Meghan i Harry poinformowali, że "wypisują się" z rodziny królewskiej, rezygnują z przysługujących im przywilejów i... zamierzają pójść do pracy. To prawdziwe trzęsienie ziemi, które niektórzy porównują do decyzji Edwarda VIII, ich stryjecznego pradziadka, który dla Wallis Simpson zrezygnował z tronu.

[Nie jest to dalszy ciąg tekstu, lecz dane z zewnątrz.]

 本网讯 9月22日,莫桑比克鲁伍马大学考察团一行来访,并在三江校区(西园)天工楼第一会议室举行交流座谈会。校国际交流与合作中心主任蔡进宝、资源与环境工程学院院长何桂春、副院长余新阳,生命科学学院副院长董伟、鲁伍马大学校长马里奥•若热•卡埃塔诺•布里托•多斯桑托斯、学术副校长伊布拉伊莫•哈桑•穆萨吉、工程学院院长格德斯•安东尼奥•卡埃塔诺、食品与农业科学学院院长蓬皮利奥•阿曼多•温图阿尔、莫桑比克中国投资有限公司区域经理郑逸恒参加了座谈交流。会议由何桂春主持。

Waga decyzji Harry'ego i Meghan jest olbrzymia, więc pojawiły się domysły, że musiała ona być szeroko dyskutowana z królową Elżbietą. Jak okazało się w czwartek rano - niekoniecznie. Pałac Buckingham wydał bowiem lakoniczne oświadczenie, z którego wynika, że para książęca zrezygnowała... na własną rękę. Czytamy w nim, że rozmowy z Meghan i Harrym są (były?) na "wczesnym etapie". Wygląda więc na to, że królowa Elżbieta o wszystkim dowiedziała się z Instagrama swojego wnuka.
Czy cały plan był sprytnie opracowany przez Meghan?

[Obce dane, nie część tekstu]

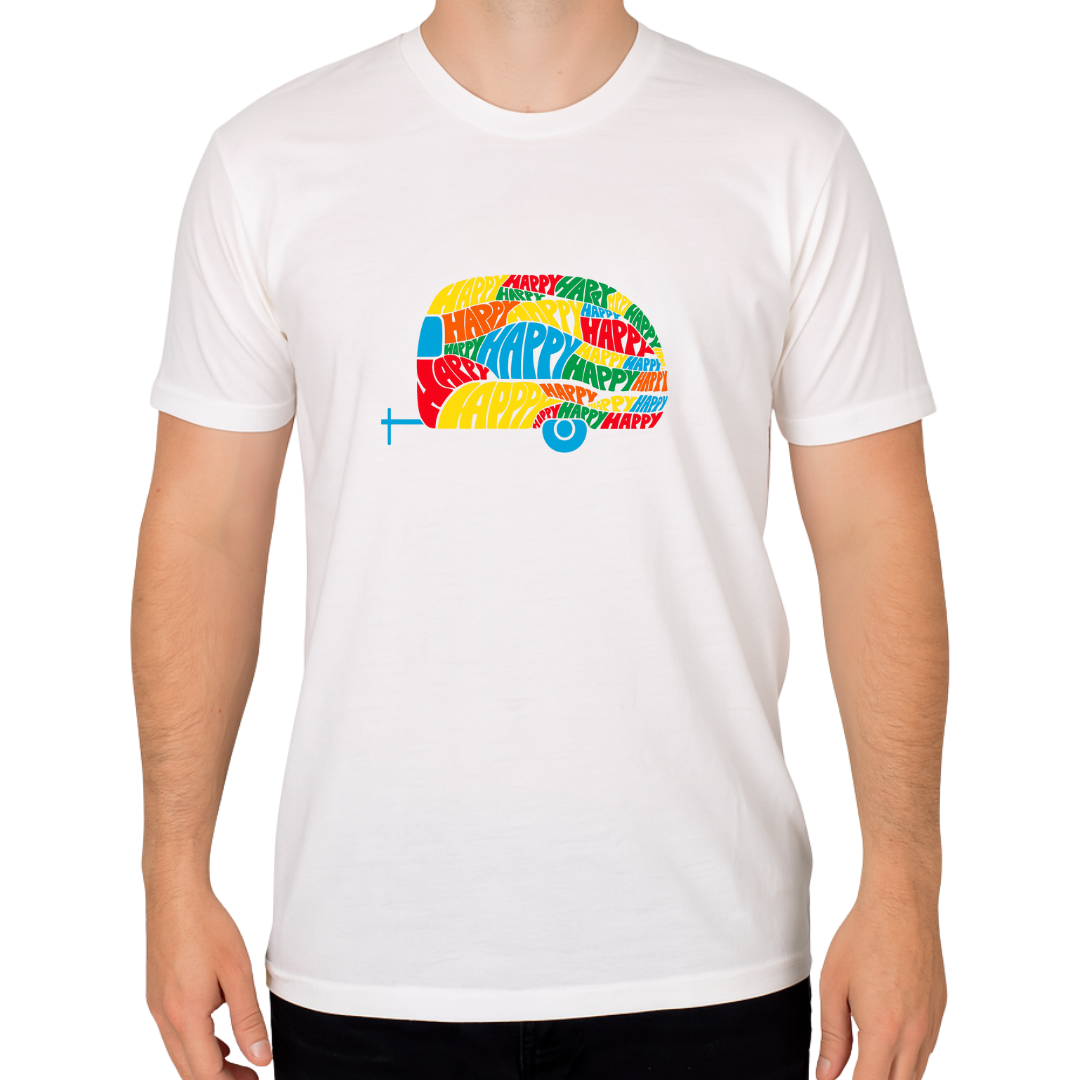 bring the vibes wherever you go with our iconic white rainbow camper tee! this next level brand tee features the happy camper van in a bold burst of color. It’s a wearable mood booster that screams good times, good pizza, and great company!

Meghan nigdy nie była lubiana przez konserwatywnych obserwatorów monarchii, którym przeszkadzała jej przeszłość: Amerykanka po rozwodzie, która grała w serialach, nie była wymarzoną partią dla księcia. Chociaż Harry się przy niej ustatkował, niektórzy odczytywali to jako oddalanie się od skostniałej rodziny królewskiej. Wygląda na to, że decyzja o "wypisaniu się" z bycia parą książęcą to idealny dowód potwierdzający tę tezę.

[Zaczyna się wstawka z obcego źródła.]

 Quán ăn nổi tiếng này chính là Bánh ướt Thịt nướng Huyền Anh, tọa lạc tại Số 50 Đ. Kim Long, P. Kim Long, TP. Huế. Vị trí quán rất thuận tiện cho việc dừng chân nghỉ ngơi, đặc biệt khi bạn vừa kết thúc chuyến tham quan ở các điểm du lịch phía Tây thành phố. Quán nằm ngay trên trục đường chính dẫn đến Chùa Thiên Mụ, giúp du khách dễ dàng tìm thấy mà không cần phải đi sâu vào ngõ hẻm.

Jeszcze na długo przed ślubem każdy krok Markle był śledzony przez media, którym nie podobało się niemal wszystko: Meghan za dużo wydawała, nie przestrzegała etykiety i nie była zainteresowana relacjami z królową. Plotkowano o tym, że nie dogaduje się z księżną Kate, swoją szwagierką, która cieszy się nieskazitelnym wizerunkiem żony przyszłego króla.
Po szokującej decyzji o wycofaniu się z książęcych obowiązków Meghan z pewnością nie będzie łatwiej. Podobnie jak Archiemu, który nie skończył nawet roku, a już żyje z piętnem tak trudnej decyzji swoich rodziców.